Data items
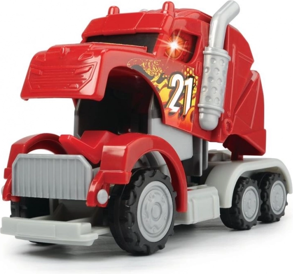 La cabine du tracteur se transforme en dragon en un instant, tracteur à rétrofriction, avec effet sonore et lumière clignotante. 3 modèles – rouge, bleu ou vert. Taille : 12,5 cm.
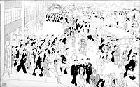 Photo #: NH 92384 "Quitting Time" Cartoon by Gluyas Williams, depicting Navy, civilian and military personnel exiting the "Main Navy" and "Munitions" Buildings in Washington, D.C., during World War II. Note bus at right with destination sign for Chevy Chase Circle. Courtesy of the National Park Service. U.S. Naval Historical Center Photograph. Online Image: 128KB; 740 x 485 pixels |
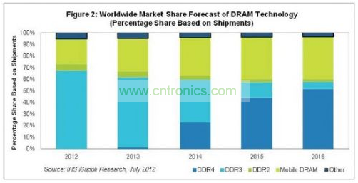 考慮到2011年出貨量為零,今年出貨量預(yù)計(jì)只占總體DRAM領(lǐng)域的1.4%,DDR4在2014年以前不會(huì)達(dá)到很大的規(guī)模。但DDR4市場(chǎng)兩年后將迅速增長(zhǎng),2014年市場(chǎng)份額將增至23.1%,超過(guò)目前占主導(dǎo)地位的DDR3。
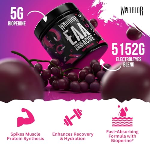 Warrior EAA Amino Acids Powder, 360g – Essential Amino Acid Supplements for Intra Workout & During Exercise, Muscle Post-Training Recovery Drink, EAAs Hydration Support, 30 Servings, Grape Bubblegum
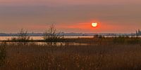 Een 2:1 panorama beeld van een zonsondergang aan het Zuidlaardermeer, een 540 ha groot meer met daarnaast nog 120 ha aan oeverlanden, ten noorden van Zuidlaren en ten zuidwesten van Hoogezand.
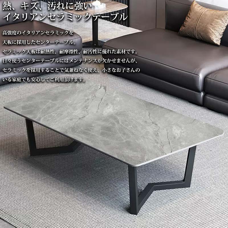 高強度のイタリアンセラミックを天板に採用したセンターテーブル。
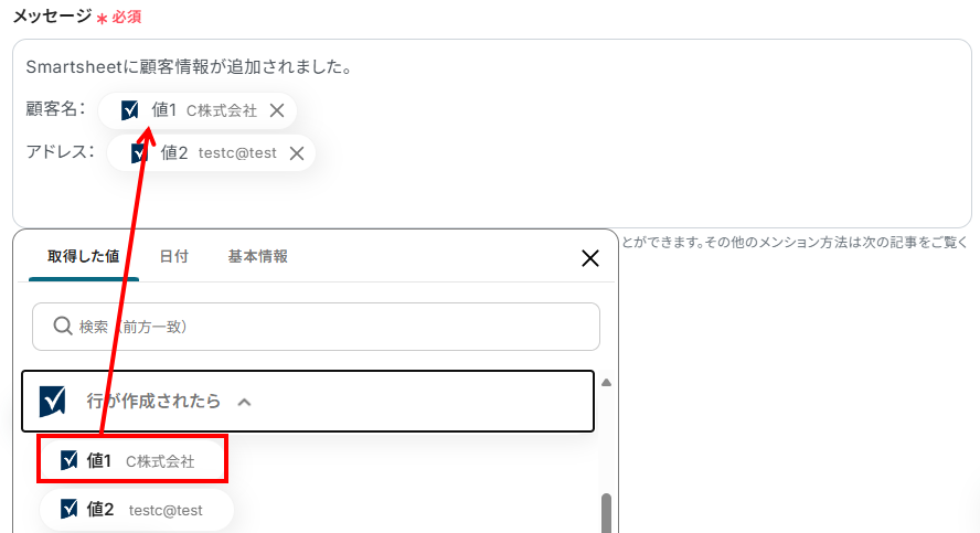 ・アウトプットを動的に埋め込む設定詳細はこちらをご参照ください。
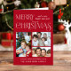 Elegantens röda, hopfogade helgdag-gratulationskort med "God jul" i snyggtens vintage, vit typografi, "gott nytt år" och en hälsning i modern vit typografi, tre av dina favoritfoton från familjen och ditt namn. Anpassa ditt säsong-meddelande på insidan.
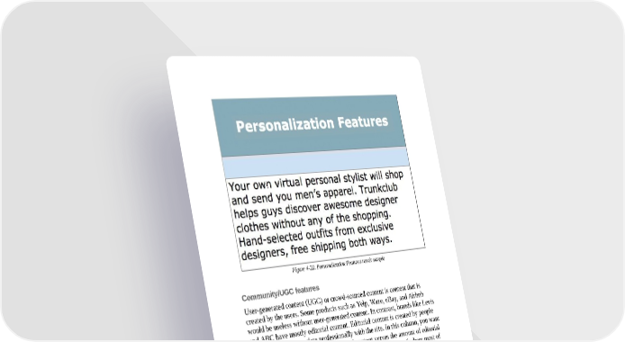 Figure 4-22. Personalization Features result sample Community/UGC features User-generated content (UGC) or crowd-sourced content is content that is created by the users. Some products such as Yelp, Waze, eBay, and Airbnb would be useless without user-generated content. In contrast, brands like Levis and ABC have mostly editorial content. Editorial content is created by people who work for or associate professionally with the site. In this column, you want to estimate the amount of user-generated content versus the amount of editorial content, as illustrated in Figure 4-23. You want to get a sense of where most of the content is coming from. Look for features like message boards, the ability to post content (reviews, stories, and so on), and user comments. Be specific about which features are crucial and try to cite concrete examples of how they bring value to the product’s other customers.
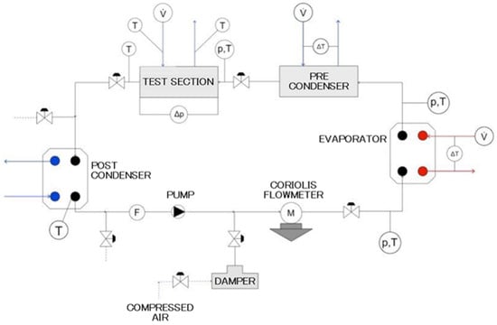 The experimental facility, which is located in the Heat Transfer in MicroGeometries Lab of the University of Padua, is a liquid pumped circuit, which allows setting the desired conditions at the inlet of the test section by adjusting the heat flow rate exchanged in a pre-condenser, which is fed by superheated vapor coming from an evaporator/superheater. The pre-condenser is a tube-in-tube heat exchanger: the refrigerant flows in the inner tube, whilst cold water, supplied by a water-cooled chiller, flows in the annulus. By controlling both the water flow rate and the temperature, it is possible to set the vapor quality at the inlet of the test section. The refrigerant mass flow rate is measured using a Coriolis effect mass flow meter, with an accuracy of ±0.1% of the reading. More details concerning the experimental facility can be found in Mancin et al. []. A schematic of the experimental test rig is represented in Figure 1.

Exercise:
An exact copy of every line above, minus the pictures, is the required output.

Exercise answer:
 La cabine du tracteur se transforme en dragon en un instant, tracteur à rétrofriction, avec effet sonore et lumière clignotante. 3 modèles – rouge, bleu ou vert. Taille : 12,5 cm.
 Photo #: NH 92384 "Quitting Time" Cartoon by Gluyas Williams, depicting Navy, civilian and military personnel exiting the "Main Navy" and "Munitions" Buildings in Washington, D.C., during World War II. Note bus at right with destination sign for Chevy Chase Circle. Courtesy of the National Park Service. U.S. Naval Historical Center Photograph. Online Image: 128KB; 740 x 485 pixels |
 考慮到2011年出貨量為零,今年出貨量預(yù)計(jì)只占總體DRAM領(lǐng)域的1.4%,DDR4在2014年以前不會(huì)達(dá)到很大的規(guī)模。但DDR4市場(chǎng)兩年后將迅速增長(zhǎng),2014年市場(chǎng)份額將增至23.1%,超過(guò)目前占主導(dǎo)地位的DDR3。
 Warrior EAA Amino Acids Powder, 360g – Essential Amino Acid Supplements for Intra Workout & During Exercise, Muscle Post-Training Recovery Drink, EAAs Hydration Support, 30 Servings, Grape Bubblegum
 Een 2:1 panorama beeld van een zonsondergang aan het Zuidlaardermeer, een 540 ha groot meer met daarnaast nog 120 ha aan oeverlanden, ten noorden van Zuidlaren en ten zuidwesten van Hoogezand.
 高強度のイタリアンセラミックを天板に採用したセンターテーブル。
 ・アウトプットを動的に埋め込む設定詳細はこちらをご参照ください。
 Elegantens röda, hopfogade helgdag-gratulationskort med "God jul" i snyggtens vintage, vit typografi, "gott nytt år" och en hälsning i modern vit typografi, tre av dina favoritfoton från familjen och ditt namn. Anpassa ditt säsong-meddelande på insidan.
 Figure 4-22. Personalization Features result sample Community/UGC features User-generated content (UGC) or crowd-sourced content is content that is created by the users. Some products such as Yelp, Waze, eBay, and Airbnb would be useless without user-generated content. In contrast, brands like Levis and ABC have mostly editorial content. Editorial content is created by people who work for or associate professionally with the site. In this column, you want to estimate the amount of user-generated content versus the amount of editorial content, as illustrated in Figure 4-23. You want to get a sense of where most of the content is coming from. Look for features like message boards, the ability to post content (reviews, stories, and so on), and user comments. Be specific about which features are crucial and try to cite concrete examples of how they bring value to the product’s other customers.
 The experimental facility, which is located in the Heat Transfer in MicroGeometries Lab of the University of Padua, is a liquid pumped circuit, which allows setting the desired conditions at the inlet of the test section by adjusting the heat flow rate exchanged in a pre-condenser, which is fed by superheated vapor coming from an evaporator/superheater. The pre-condenser is a tube-in-tube heat exchanger: the refrigerant flows in the inner tube, whilst cold water, supplied by a water-cooled chiller, flows in the annulus. By controlling both the water flow rate and the temperature, it is possible to set the vapor quality at the inlet of the test section. The refrigerant mass flow rate is measured using a Coriolis effect mass flow meter, with an accuracy of ±0.1% of the reading. More details concerning the experimental facility can be found in Mancin et al. []. A schematic of the experimental test rig is represented in Figure 1.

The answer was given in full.